His foot slammed on the brake. Tires screamed. People around me flinched.
The car stopped a breath from the crossing line.
I realized I'd leaned forward without meaning to. My toes were over the edge of the curb.
The driver stared at me, pale, sweating, hands locked on the wheel. Then he looked at the red light, at the road, back at me, confused like he didn't understand why he'd reacted that hard.
I stepped back onto the sidewalk.
"Sorry," I said automatically, even though the guy couldn't hear a thing.
He shook his head like snapping out of a trance. The light changed. We crossed. I felt his gaze on my back until I turned the corner.
"…Weird," I muttered.
People slam brakes all the time. Near misses happen every day.
That tunnel vision didn't feel normal, though. It felt like I'd reached out and grabbed his attention with my bare hand.
I tried to shrug it off and headed into a convenience store.
The bell rang as I walked in. The clerk behind the counter was leaning on it with his phone.
He glanced up.
His back straightened at once.
"Welcome!" he said, voice suddenly loud and polite.
I grabbed a drink from the back and went to pay.
His eyes followed me the entire way, locked on, like I was the only person in the shop. Someone knocked into a shelf behind me; he didn't even flinch.
I put the bottle down.
"Morning," I said.
"G-Good morning! Is that all? We have a discount on snacks if you—"
"Just the drink."
"Right, right, just the drink."
His hands moved too fast, almost fumbling the change. His gaze never left my face.
The hair on my arms rose.
I took the bottle and stepped away.
"Thanks."
"Thank you very much! Have a great day!"
His voice chased me out of the store.

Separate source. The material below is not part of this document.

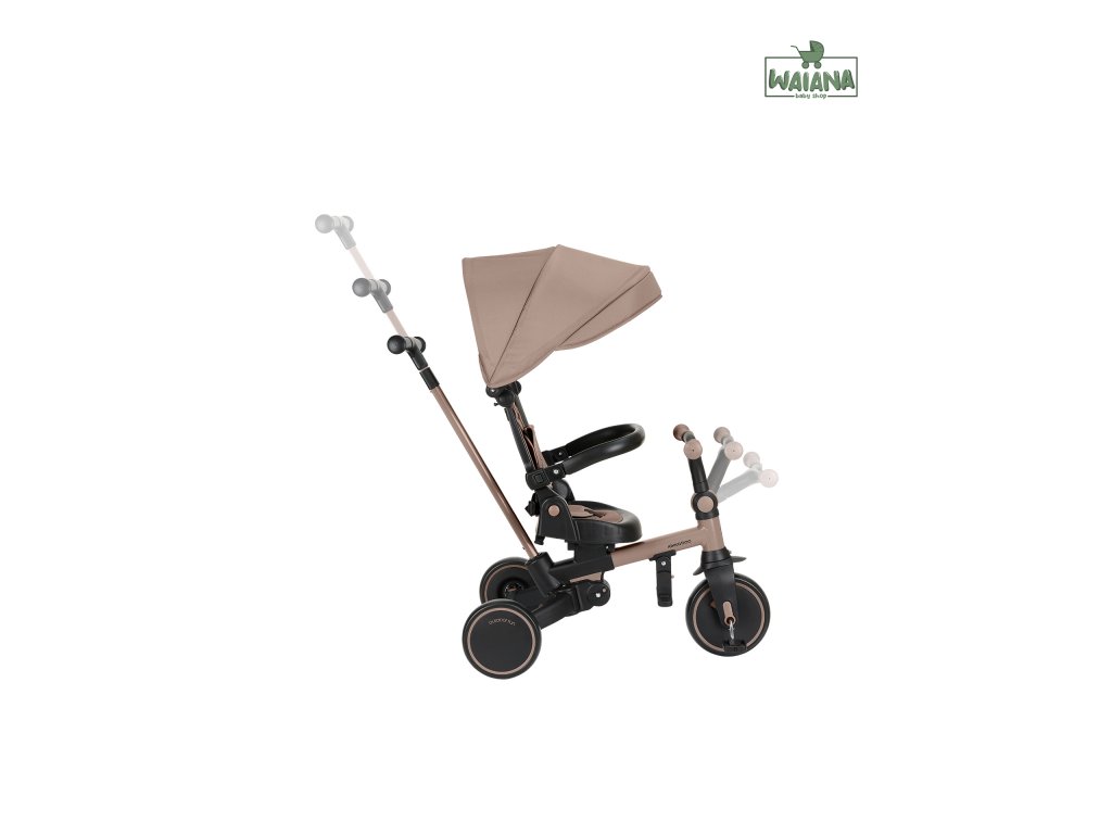 Multifunkčná trojkolka KikkaBoo Aluma 8v1 je navrhnutá tak, aby dieťaťu slúžila naozaj dlho – od 12 do 60 mesiacov. V začiatkoch funguje v bezpečnom „kočíkovom“ režime s vedením rodičom, postupne prechádza do samostatnej jazdy ako trojkolka s pedálmi a odrážadlo. Vďaka skladaciemu prevedeniu a šikovným detailom je ideálny aj na cestovanie.

The bell rang behind me.
On the street again, the noise of the city rushed back in, but the uncomfortable feeling didn't leave.
Eyes.
The driver's panicked stare.
The clerk's forced focus.
Like something was bending their attention toward me and not letting go.
I twisted the cap off the drink and took a sip I barely tasted.
"Attention," I said under my breath.
Last night's white page floated up in my mind. The single word.
CHOOSE.
I had chosen.
My phone buzzed. Another notification.
A new short from my stream:
"I'm just a clown with a camera." – CancelledHero 10M Highlight
The clip was less than ten minutes old and already climbing hard. Comments flew.
Why is this so addictive to watch
I keep replaying this for no reason
He says clown but he's the only real one left
The view counter ticked upward faster than usual, like someone had put a magnet under it.
More eyes.
More attention.
My heart beat once, heavy.
This could all be coincidence.
A lucky moment at the crossing.
An over-friendly clerk.
The usual algorithm deciding tonight was my night.
It could be.
But the memory of that spotlight in the dream, and the feeling of the driver's focus snapping to me like a leash, clung to my skin.
"Alright," I said quietly. "If this is some kind of joke, it's a good one."
If it wasn't a joke…
Then the link wasn't nothing.
The word I typed wasn't just pixels.
On the day after I reached ten million Boovtoob subscribers, the world's eyes felt a fraction closer than before.
It was a tiny shift. Barely noticeable.
But it was there.
And without realizing it, I'd already taken the first step off the edge of whatever passed for normal in my life.